Qdrant emits Prometheus-format metrics on the same REST port (6333) at path /metrics. Sample output from a 3-pod cluster serving real load:

curl -sS http://qdrant:6333/metrics -H "api-key: $KEY" | head -20

# HELP app_info information about qdrant server
app_info{name="qdrant",version="1.18.1"} 1

# HELP collections_total number of collections
collections_total 2

# HELP collections_vector_total total number of vectors in all collections
collections_vector_total 5280

# HELP cluster_peers_total total number of cluster peers
cluster_peers_total 3

# HELP cluster_term current cluster term
cluster_term 99

# HELP cluster_commit index of last committed operation
cluster_commit{peer_id="4561818375350355"} 247

# HELP rest_responses_total total number of responses
rest_responses_total{method="POST",
    endpoint="/collections/{collection_name}/points/query", status="200"} 11468

The set we care about for monitoring breaks into four groups:

Group	Metrics	Why it matters
Cluster health	`cluster_peers_total`, `cluster_term`, `cluster_pending_operations_total`, `cluster_voter`	Raft is alive and consensus is converging
Data plane	`collection_points`, `collection_dead_replicas`, `collection_active_replicas_min`, `collection_running_optimizations`	Shards are healthy, optimizer not stuck
REST traffic	`rest_responses_total{status,endpoint}`, `rest_responses_duration_seconds_bucket`	Throughput, error rate, latency histograms
Resources	`memory_active_bytes`, `memory_allocated_bytes`, plus k8s built-ins (CPU, RSS)	Memory pressure, OOM risk

The histogram (rest_responses_duration_seconds_bucket) is the one to centre dashboards around. It is per-endpoint and per-status, which means you get p50, p95, and p99 latencies separated by the actual API call (/points/query, /points/scroll, etc.). That is far more actionable than a global “average latency” number.

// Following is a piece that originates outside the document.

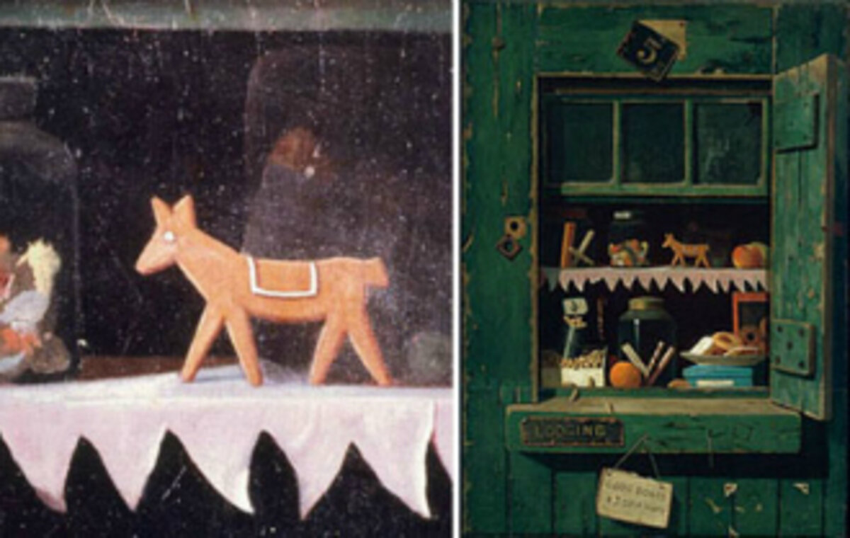 The American trompe l鈥檕eil artist John Frederick Peto depicted ordinary objects at their actual size in his paintings. Peto worked within the genre throughout his career and "The Poor Man鈥檚 Store" is an early example of his aesthetic style. The jumble of goods displayed through an open window in the painting portrays candies and fruit, gingerbread, and nuts.

Install kube-prometheus-stack

kube-prometheus-stack bundles Prometheus, AlertManager, Grafana, the Prometheus Operator, kube-state-metrics, and node-exporter into one Helm chart. Critical detail: install it BEFORE the Qdrant chart with metrics.serviceMonitor.enabled=true, because the Qdrant chart needs the ServiceMonitor CRD to be present at install time.

Add the repo and use a slim values file. The defaults bake in retention and storage settings appropriate for production but heavy for a lab:

helm repo add prometheus-community \
    https://prometheus-community.github.io/helm-charts
helm repo update

The values file below trims the chart defaults to fit a 4 GB worker. The full file is in the companion repo:

# kps-values.yaml: lightweight kube-prometheus-stack
prometheus:
  prometheusSpec:
    # Discover ServiceMonitors from any namespace
    serviceMonitorSelectorNilUsesHelmValues: false
    podMonitorSelectorNilUsesHelmValues: false
    ruleSelectorNilUsesHelmValues: false
    retention: 2d
    resources:
      requests: {cpu: 200m, memory: 512Mi}
      limits:   {cpu: 800m, memory: 1Gi}
    storageSpec:
      volumeClaimTemplate:
        spec:
          storageClassName: local-path
          resources: {requests: {storage: 5Gi}}

grafana:
  adminPassword: cfg-grafana-2026
  persistence:
    enabled: true
    storageClassName: local-path
    size: 1Gi

alertmanager:
  enabled: true
  alertmanagerSpec:
    storage:
      volumeClaimTemplate:
        spec:
          storageClassName: local-path
          resources: {requests: {storage: 1Gi}}

The three NilUsesHelmValues: false flags are the only non-obvious knob in this file. By default the operator only picks up ServiceMonitors with a specific Helm label; setting these to false makes it pick up anything in any namespace, which is what you want for an operator deployment that monitors workloads outside its own namespace.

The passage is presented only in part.